When I asked a woman who was swaying along with the music if she'd like to dance, she smiled, reached for my hand and said, "I don't know a thing about dancing, can we just make something up?" We did just fine, thank you very much, with a bunch of other happy dancers on the Persian rug sized dance floor at Sally O'Brien's last night.
And yes, Sally, I remembered the bartender.
The Long Gone Daddys (based in Baltimore, MD) who played tonight
Standup Bass - Steve Potter
Drummer - Ed Hough
Special guest
Mike Castellana of Framingham, MA, on pedal steel
PLAYLIST first set partial list
Unless noted as ballads, these were all country swing or two step songs of varying tempos and singularly danceable to anything else you could make up on the dance floor.
“Living On The Road Again” Arty Hill original, uptempo
“Driftin’ In” Arty Hill original with lines like “Every bar’s a harbor when she comes driftin’ in…” mid tempo
“You Win Again” Hank Williams ballad
“White Lightning” ? not verified, uptempo with big time guitar and laptop steel
“Julie Don’t Get Married” slow tempo with Framingham’s Mike Castellana’s pedal steel wailingly weeping all the way through the lyrics like “Julie, wait for me because someday I’ll be free…”
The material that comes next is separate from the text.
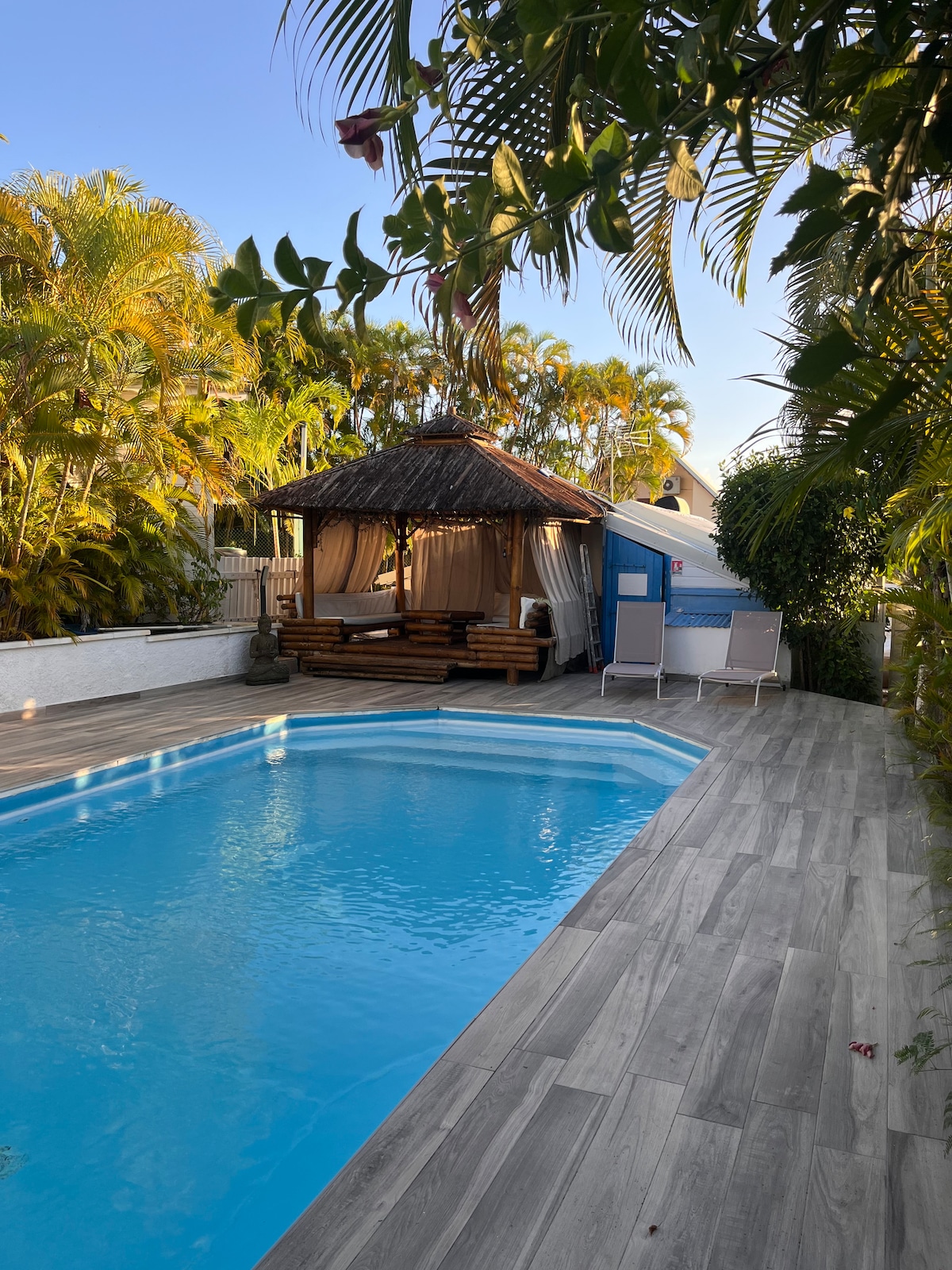 Dans quartier résidentiel très calme le WAYAKOYA, petit bungalow aux couleurs locales de 40m2 pour 2 adultes + 2 couchages en mezzanine ( surtout pour enfants)+ lit et chaise bébé 1 chambre climatisée lit de 160 1 salle d'eau+ wc 1 cuisine+ salon en terrasse 1 piscine privée 1 entrée privative wifi lave-linge & vaisselle four, micro onde frigo congélateur draps linge toilette & plage fournis Port commerces plage à 5 mn A l'arrivée apéritif de bienvenue offert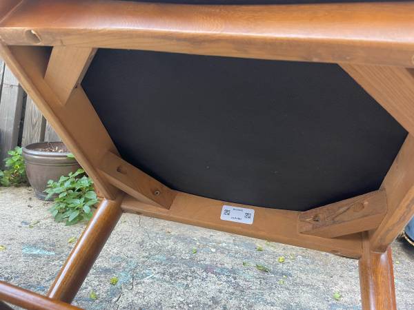 Very good to excellent vintage condition. Basic patina you’d expect from age and use. It has been reupholstered. Not by me. It looks professional. The fabric looks great. Appears to have been a tv/movie prop. It has the NBCUTV sticker on the underside. Look at the pics and check the dimensions below. Read to the bottom.

“I’m Thinking It’s Better This Way” Arty Hill, mid tempo
“Church On Saturday Night” Arty Hill original
“It Ain’t Workin’” Arty Hill uptempo original
“If You See Me Comin’ Around” Arty Hill original, uptempo
“Make My Wishful Thinking Come True”
Second Set: partial list
“Lovesick Blues” Hank Williams two-step with yodeling!
“Crazy Arms” Ray Price mid tempo
“Hall Of Fame Of Nothing” Arty Hill ballad
“It’s All Your Fault” Willie Nelson
“The Race Is On” Arty Hill
“Bar Of Gold” Arty Hill
“Me And My Glass Jaw” Arty Hill
================
The band played on but ptatlarge had an uncharacteristically early curfew.
Try going to http://www.artyhill.com/v3/ or
http://www.cdbaby.com/cd/ahlonggonedaddys
to hear some audio clips
===============
To be investigated soon: “This place has the best burgers and fries around ” - from a regular patron, who spoke with great certainty.